The Lebanese pound gained considerable momentum against the U.S. dollar on the black market following the formation of the new government on Friday afternoon.
Dalati & Nohra

Prime Minister Najib Mikati urged for an end to “all Lebanon-based political, military, security and media activities that harm the sovereignty, security, and stability of Saudi Arabia and the Gulf Cooperation Council countries.”

In a statement issued on Monday, he commented that the current government is committed to restoring the ties between Lebanon and the Arab Gulf states.

He shared that he had talked with Kuwaiti Foreign Minister, Sheikh Ahmed alabaster, to tackle this issue and put efforts to “reunite” Lebanon with its Gulf counterparts.

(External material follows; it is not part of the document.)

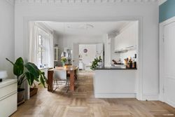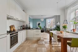 Lejligheden byder på en indbydende og rummelig fordelingsentré samt to elegante stuer en suite, hvoraf den ene har åbent Invita-spisekøkken med alt i hårde hvidevarer. I forlængelse af stuerne ligger et stort og lyst soveværelse, smukt adskilt med fløjdøre. Mod gården findes et rummeligt soveværelse med god skabsplads samt et dejligt børneværelse. Badeværelset er veldisponeret med gulvvarme, væghængt toilet, separat bruseniche og vaskemaskine.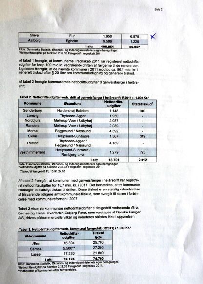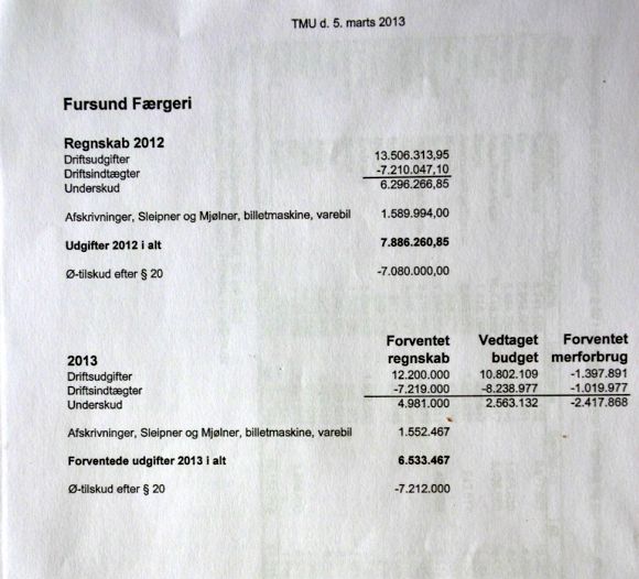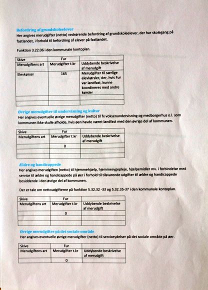 Med hensyn til færgedriften har kommunen også sat tal på, hvad det koster at have Fur. Her fortæller kommunens egne tal, at det underskud på flere millioner, som har været fremme i debatten ikke er rigtig, hvis ø-tilskuddet indregnes efter de tal, som kommunen selv har opgivet.

The Lebanese PM also focused on Lebanon’s efforts to prevent the smuggling of illegal and harmful substances to these countries.

His government, according to him, will start focusing on “barring the use of Lebanese financial and banking channels to conduct any financial transactions that might harm the security of Saudi Arabia and the GCC countries.”

Mikati also highlighted that Lebanon is ready to commit to the Kuwaiti initiative.

Walid Joumblatt, leader of the Progressive Socialist Party, had urged the Lebanese government a week earlier to “restore relations” with the Arab Gulf states, particularly Saudi Arabia as the crisis is significantly crippling further the Lebanese economy.

The rift between Lebanon and the GCC was triggered by the ex-Minister of Information Georges Kordahi‘s criticism of the war in Yemen and the Gulf States’ involvement in it.

Kordahi’s comments had led to the expel of several Lebanese ambassadors from the Gulf region and the ban of all Lebanese imports.

To restore the diplomatic and economical relationship, the GCC is asking for major security reforms in Lebanon, including stopping drug smuggling and Hezbollah’s involvement in other Arab countries, especially Yemen, and the disarmament of the Iran-backed militia.

The end of the rift between Lebanon and the Gulf states will slowly boost the Lebanese economy.

It will also come as a relief to the tens of thousands of Lebanese expatriates working in the GCC to ensure that their families in Lebanon can survive the ongoing crippling recession.